Legal analysts disagree as to whether the extremely local ordinance, referred to as “The Blackbird Law,” would hold up in court. But Max Arbigale, a defense attorney who lives on the street, believes the vote is a legitimate amendment to the California penal code, and has offered his legal services free-of-charge to any of his neighbors who get arrested while smoking pot on their own property.

“It was a fair vote, conducted by the people, for the people and of the people — people determined to control their own destinies,” explained Arbigale. “What District Attorney in his right mind would oppose that?”

Especially when one of those “determined people” happens to be Anna Munoz, an assistant D.A. for the City of Los Angeles, who evidently joined her neighbors in support of the marijuana rule. Munoz was unavailable for comment, deferring to her attorney, Max Arbigale.

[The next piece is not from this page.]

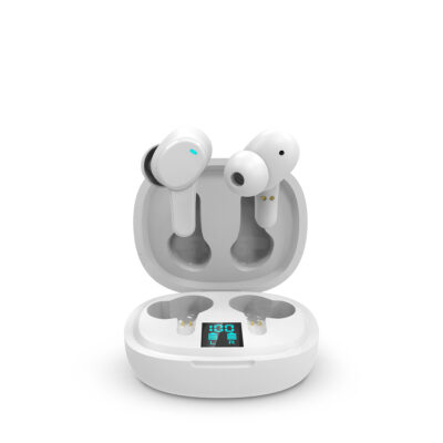 Los auriculares incluyen un estuche con método de carga Tipo-C. Con una carga de 1 hora, te proporciona una autonomía de hasta casi 4 horas para llamadas y música; y de 150 horas en stand-by. Además, incorpora una pequeña pantalla en la que se indica la carga de cada auricular.

As a result of the Blackbird Law, other suburban neighborhoods throughout the United States are considering conducting similar votes. The movement may soon overtake Washington. Congressman Sal Dennison (D-OH), for example, recently introduced language into a highway bill making it legal for himself to smoke weed.

It’s a “good sign,” according to Arbigale, who took a long drag from a custom-made water pipe he picked up while visiting India last year. “If the representatives we vote for aren’t going to vote for the things we want them voting for, ” he said in a slow, deliberate voice, often slurring his words for emphasis, “then we’re going to vote for those things ourselves.”